In this PR, individual properties (templates) have been separated from their related functionality (factories), but the templates themselves are not really reusable as they depend on factories that are able to encode them and generate the actual animation sequence or pose. Of course, besides reusability, there might be some other reasons to separate the templates, for example, to replace them with one's own, but in the most likely scenario the app wants to keep the existing templates and just add its own custom poses and moods.
That said, I'm not sure how many reusable classes it would be possible to extract from the TalkingHead class. When the system to be modeled is complex, the model needs to reflect that complexity. Often, this means that you need to add more interdependencies and connections, which makes the splitting and reuse more difficult. There is already a lot of overlap between moods, poses and animations, and for the avatar to act more realistically, this overlap should be increased, not decreased.
Before this, I didn't have any plans to divide the class, so I don't have a specific class/component diagram in mind. I need to think about this some more. - If you have any ideas about how to split the class into several classes, I would very much like to hear your thoughts.
I should also point out that the TalkingHead class doesn't use any LLMs. And if you would like to use a different TTS, the class has an interface for that integration. There are already projects/apps using the class with Google, Microsoft, OpenAI, and ElevenLabs TTS. Sure, Google TTS support is there as a default for simple web projects, but it doesn't have to be used, so no need to swap anything out. Replacing or abstracting away Three.js would be difficult because function calls to it cover such a big part of the code.
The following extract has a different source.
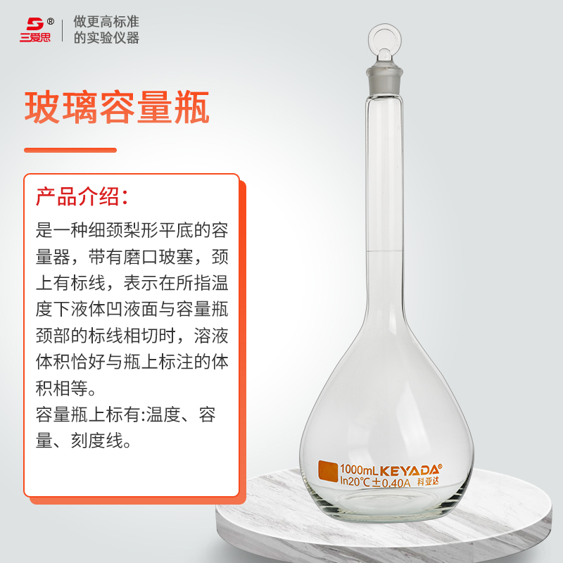 科亚达玻璃容量瓶5/10/50/500/1000/2000ml棕色具塞容量瓶A级茄形瓶定容磨口具塞化学实验教学仪器定量摇瓶
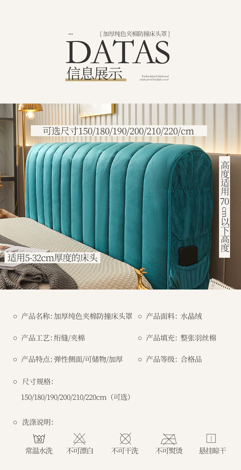 商品名称:(总)情恒家纺 2026新款立体防撞双面加厚床头罩条形款

The 'TalkingHead' class should represent one talking avatar. For multiple avatars to share a scene, there should be several instances of the TalkingHead class sharing a scene. In some sense, if you ignore the naming, this PR moves in that direction by separating the camera and lights from the actor, but I don't think inheritance (extension) is the right way to relate the scene and the actors as the relationship is one-to-many. I'm not even convinced that the scene should be in the scope of the project (except in the same sense as Google TTS).
I really appreciate the time you have spent on this, and I hope that my comments don't discourage you. This is just a hobby project for me, but I used to work as a software architect for many years, and old habits die hard.
Thanks for your incredibly detailed and thoughtful response. I'm definitely open to other ways to split this up. Note I'm not at all attached to subclassing as a pattern - it was just a form of 'origami' - reorganizing the code without breaking any of the existing outside code. I do agree it is reasonable to concentrate moods, animations and poses into one 'module'
It does feel like it is worth trying to find the right approach, if even a different approach, because I do see this library as a best of breed. In particular the phoneme to viseme work feels accurate and visually satisfying. I could see this becoming a defacto foundation or community resource that everybody supports, even commercial organizations. I just wanted to try to get there stepwise - rather than breaking everything or massively refactoring in one step.
I'm imagining there is a larger community that may join in and have strong opinions as well. There are probably many indie game developers, hobby programmers and even commercial developers who would love to have a drop in embodied agent. It does feel like there is a large potential community. These people typically have their own startup logic for building a scene, often (at least aspirationally) are looking to build mulitiplayer experiences (where a digital agent like this has to have its actions multicast across a network).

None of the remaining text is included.